# Retro ROG



## Random Murderer (Apr 11, 2013)

So I'm putting together an older rig with some parts I had lying around and some parts given to me by friends. Its main purpose will be to run XP and play older games such as EQ. It's a bit overkill for that(okay, WAY overkill) but I've been wanting to build an XP-era rig for a while now.
Before starting posting pics and specs, I'd like to give a big thanks to Cold Storm for the motherboard and Newtekie for the RAM.

Specs:
Asus ROG x38 Maximus Formula
Pentium D 820
Xigmatek HDT-S1283
2x 2GB G.Skill Pi 1100 5-5-5-15
HIS x1950PRO 256MB
Apevia Chameleon 550W PSU
Undetermined case
Lighting?
Win XP(can't decide on Home or Pro x64, I have disks for both)

I'm still waiting on the RAM in the mail, but I'll start posting pics when I can(should be some time this weekend). For now, this is a placeholder.

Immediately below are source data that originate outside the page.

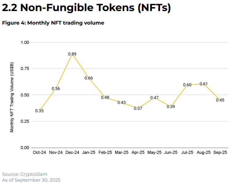 Ринок NFT скоротився на 25,5% порівняно з серпнем. Обсяги торгів на Ethereum знизилися на 54,8%, на Polygon — на 54,6%, у BNB Chain — на 72%. Серед колекцій лідером стала Courtyard (Polygon), що посіла перше місце у світовому рейтингу. Другу позицію зайняла DMarket (Mythos). Після airdrop привернув увагу новий проєкт Hypurr NFT, де середня ціна floor price сягнула $50 000.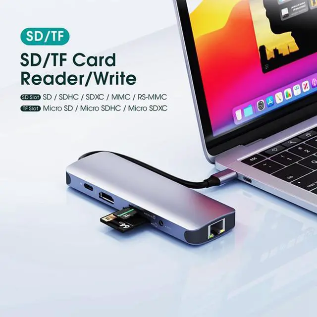9-In-1 Type-C Adapter with Gigabit Ethernet, HDMI-Compatible 4K Mac Adapter, 3 USB 3.0, SD/TF,Splitter for Laptop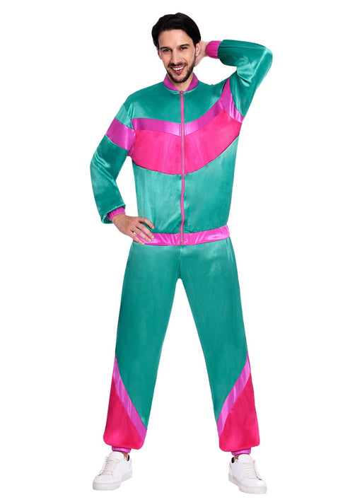 Men's 1980's shell suit fancy dress costume with green, purple and pink top with front zip along with matching elasticated trousers. Costume Sizes:...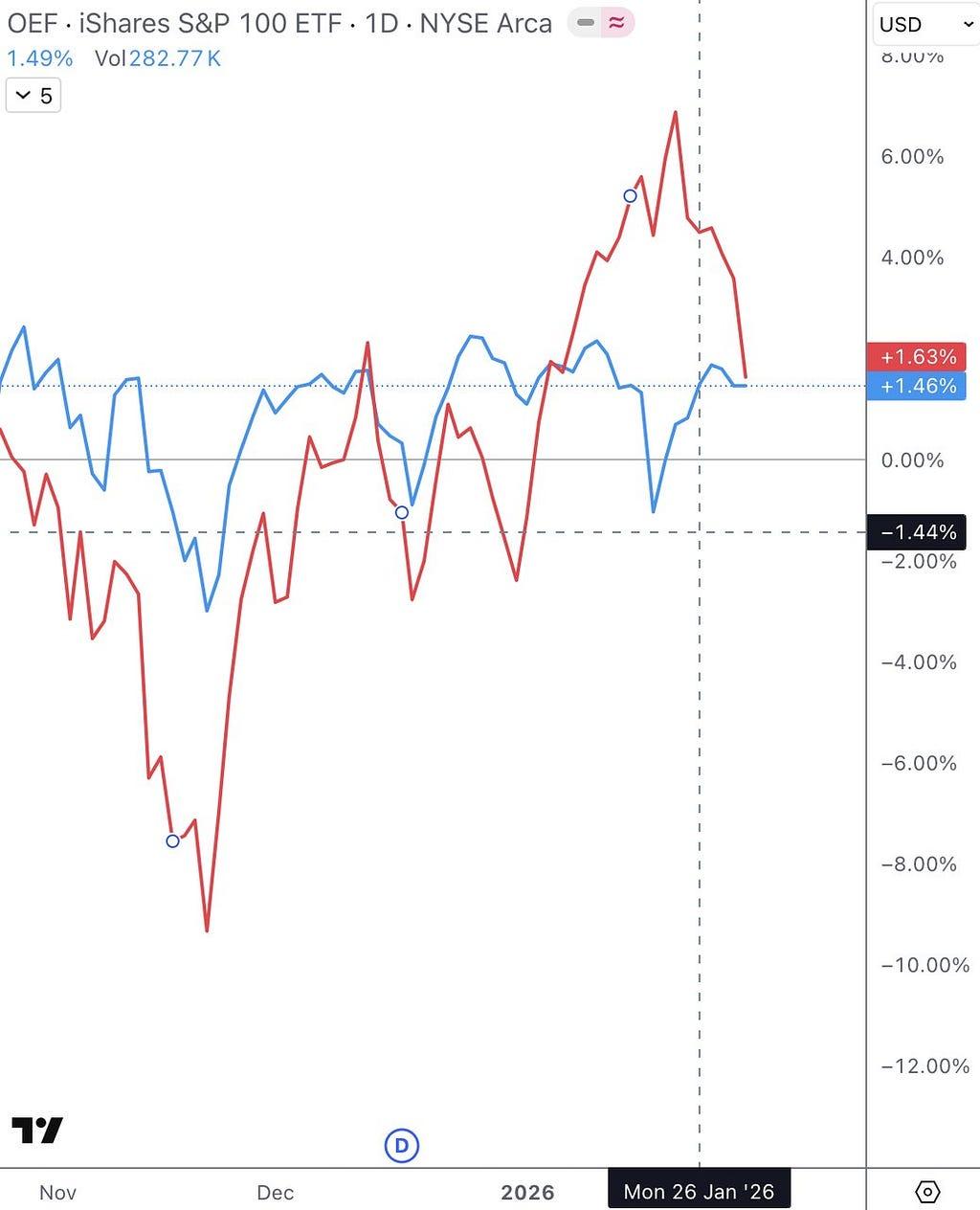 대형주 중심의 OEF(파란색 선)는 대형 기술주들이 모여들어 상승세를 보이면서 비교적 높은 수준을 유지하고 있습니다. 소형주 중심의 IWO(빨간색 선)는 이미 연초 이후 상승분을 모두 반납했습니다.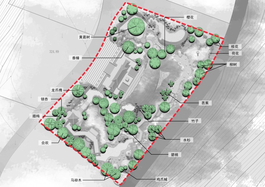 園林的核心為"山""水",而遂寧的發(fā)展也圍繞在山水之間:山--遂寧的標(biāo)志船山,水--養(yǎng)育斗城的涪江。以一山一江為設(shè)計線索和空間構(gòu)架,將核心景觀依水環(huán)山的布置,形成景觀的序列,構(gòu)架空間雛形。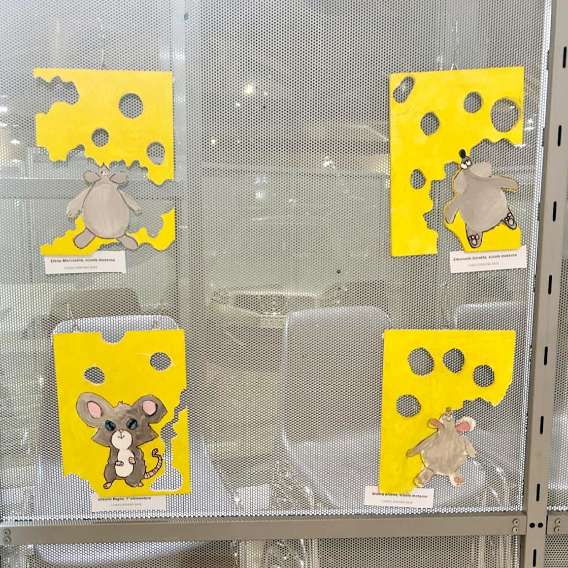 Accanto al digitale, grande spazio è stato dato alle tecniche manuali. I più piccoli della Scuola Materna hanno animato le tavolette con simpatici topolini su fondi bucherellati, evocando delle fette di Toma, mentre i ragazzi del corso di Tecniche Artistiche hanno dato vita a progetti più complessi, come Il pescatore di sogni, dove l’intaglio diventa parte integrante della narrazione.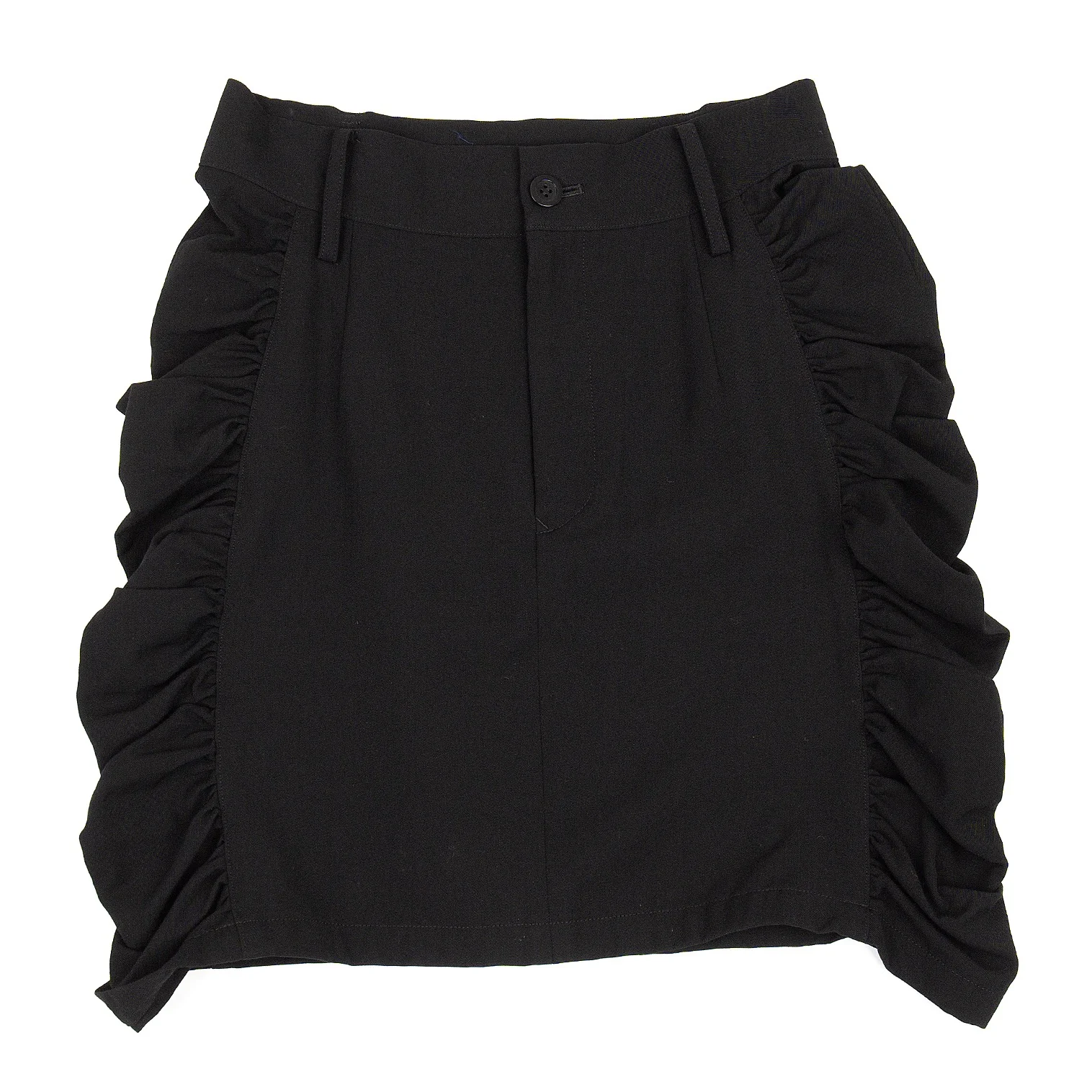 リミフゥLIMI feu ウールコットンギャバサイドギャザー切替ミニスカート 黒S

Questions, comments, suggestions, banter welcome.

Update, 4/13:
Here are some pics of some of the hardware as a bit of a teaser. It wasn't intended to be a teaser, but things got bust today and I wasn't able to work on assembly, just pulling parts.

The board:










The chip. It holds a special place in my heart. This chip brought me my first 4GHz overclock on one of my P5W DH boards.:












The GPU holds a special place in my heart as well. This was the second high-end card I owned(first being an x800xt that overclocked to x850 speeds), the first dual-slot card I owned, the first card I ran dual-GPUs with, and the card that introduced me to BIOS modding.:


----------



## Random Murderer (Apr 11, 2013)

Placeholder.


----------



## Doc41 (Apr 11, 2013)

Subd , and good luck 
for now i say go for the XP Pro


----------



## Random Murderer (Apr 11, 2013)

Doc41 said:


> Subd , and good luck
> for now i say go for the XP Pro



Thanks! I just hope it turns out as well as the image I have in my mind, lol


----------



## rtwjunkie (Apr 11, 2013)

I'm subscribing as well.  I enjoyed doing my retro build.  XP Pro will get you more driver support...I was trying to decide between that and 64-bit myself, finally decided on the easier drivers, since I actually use the rig, and like when parts play nice with the OS.


----------



## hckngrtfakt (Apr 11, 2013)

Subbed, ... 

always been a fan of the good ol' xp-era hardware 
plus you have a ROG


----------



## GreiverBlade (Apr 11, 2013)

following attentively


----------



## natr0n (Apr 11, 2013)

Even though I like xp64; It's better to use the 32 bit version less hassles.


----------



## stinger608 (Apr 11, 2013)

natr0n said:


> Even though I like xp64; It's better to use the 32 bit version less hassles.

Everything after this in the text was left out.